I knew nothing about Serge Gainsbourg going into this film, and though I’m not sure I know much more now, I certainly had fun for two hours.
★★★

FAINTHEART
DIR: Vito Rocco
Charming, but ultimately far too safe and familiar to leave any lasting impression, this British rom-com about a battle re-enactor (played by the excellent Eddie Marsan) trying to win back his wife (Jessica Hynes) feels like exactly what it is; a film made by committee. The script, director and several cast members, were chosen through votes on Myspace, who also put up much of the funding (it appears to have been a commercial disaster, as the film never even received a cinema release in the UK).

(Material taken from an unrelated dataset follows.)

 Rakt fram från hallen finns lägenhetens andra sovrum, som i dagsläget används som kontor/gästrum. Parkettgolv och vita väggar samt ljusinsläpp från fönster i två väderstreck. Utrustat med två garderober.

Faintheart is a custom made feel good movie, almost embarrassingly unoriginal and lack anything constituting a surprise in even one of its plot developments, the fact that it isn’t awful is down largely to the excellent performances. Marsan is more dialled down than normal, since this film he’s made a name playing explosive characters, but he’s effective here as a normal guy just trying to be the best husband and father he can. Jessica Hynes is also effective; from her looks to her naturalistic acting there’s nothing Hollywood about her, and that works well for the film. There’s also a strong comic relief turn from Trainspotting’s Ewen Bremner.

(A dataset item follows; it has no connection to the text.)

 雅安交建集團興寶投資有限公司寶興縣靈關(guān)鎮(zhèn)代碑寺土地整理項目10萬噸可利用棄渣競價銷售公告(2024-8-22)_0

The direction, sadly, is as rote and by the numbers as the screenplay, and the minor roles (the ones, one assumes, cast from Myspace audition tapes) are played by actors more suited to local theatre, but Faintheart gets by on a handful of performances better than the script deserves and a good deal of charm.
★★

Temple Grandin
Dir: Mick Jackson
Every now and then, movies offer up a lovely little surprise, and this is certainly one of 2010’s. Claire Danes plays the real Dr. Temple Grandin, a profoundly autistic woman who has overcome many of her anxieties to become a great engineer and a leading expert in the field of the welfare of animals being raised for food. The story is simple enough biopic stuff, but Mick Jackson uses the visuals beautifully, managing to communicate in a way that is neither heavy handed nor unclear, the way that Grandin says she is able to think in pictures.

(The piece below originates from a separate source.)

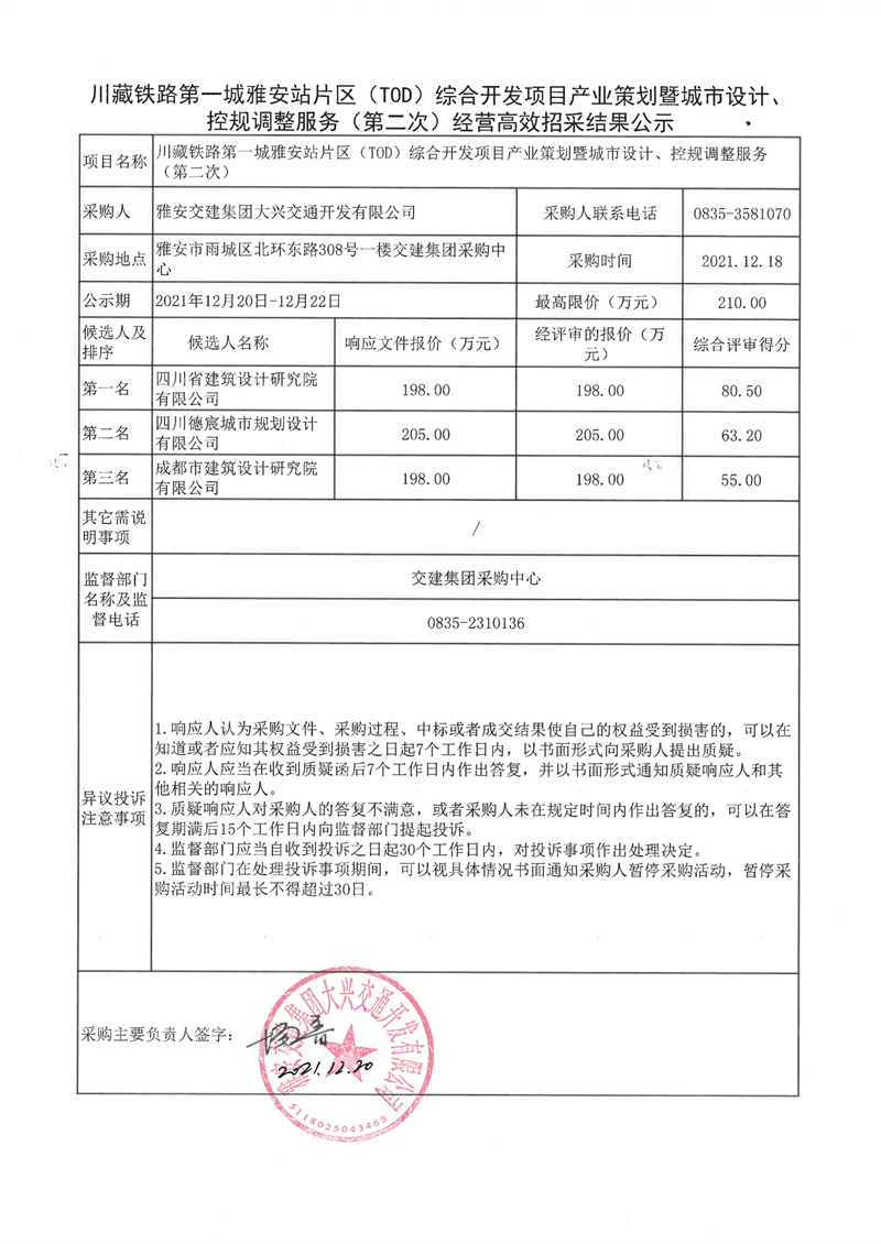 雅安交建集團(tuán)大興交通開發(fā)有限公司川藏鐵路第一城雅安站片區(qū)(TOD)綜合開發(fā)項(xiàng)目產(chǎn)業(yè)策劃暨城市設(shè)計、控規(guī)調(diào)整服務(wù)(第二次)經(jīng)營高效招采結(jié)果公示

Jackson also draws an exceptional performance from Claire Danes. She’s always been actress who, to me, has exhibited more charm than skill, but here she completely melts away to leave behind only the character of Temple Grandin. I’ve spent a great deal of time with autistic people, and Danes’ is probably the most sensitive and most accurate portrayal of a profoundly autistic person that I can remember. She’s careful never to use Grandin’s disabilities for comedy, never to mock her, but at the same time she makes no play for sympathy. She presents Grandin as a complete and complex young woman. I’d be tipping her for an Oscar, but unfortunately the film debuted on HBO, and so is ineligible.

Temple Grandin is an excellent film, with fine performances all round from a cast that also includes Julia Ormond, David Strahairn and Catherine O’Hara (terrific in a rare straight role), but it is, at the end of the day, Claire Danes' film, and she carries brilliantly, giving a performance I would never have suspected she had in her.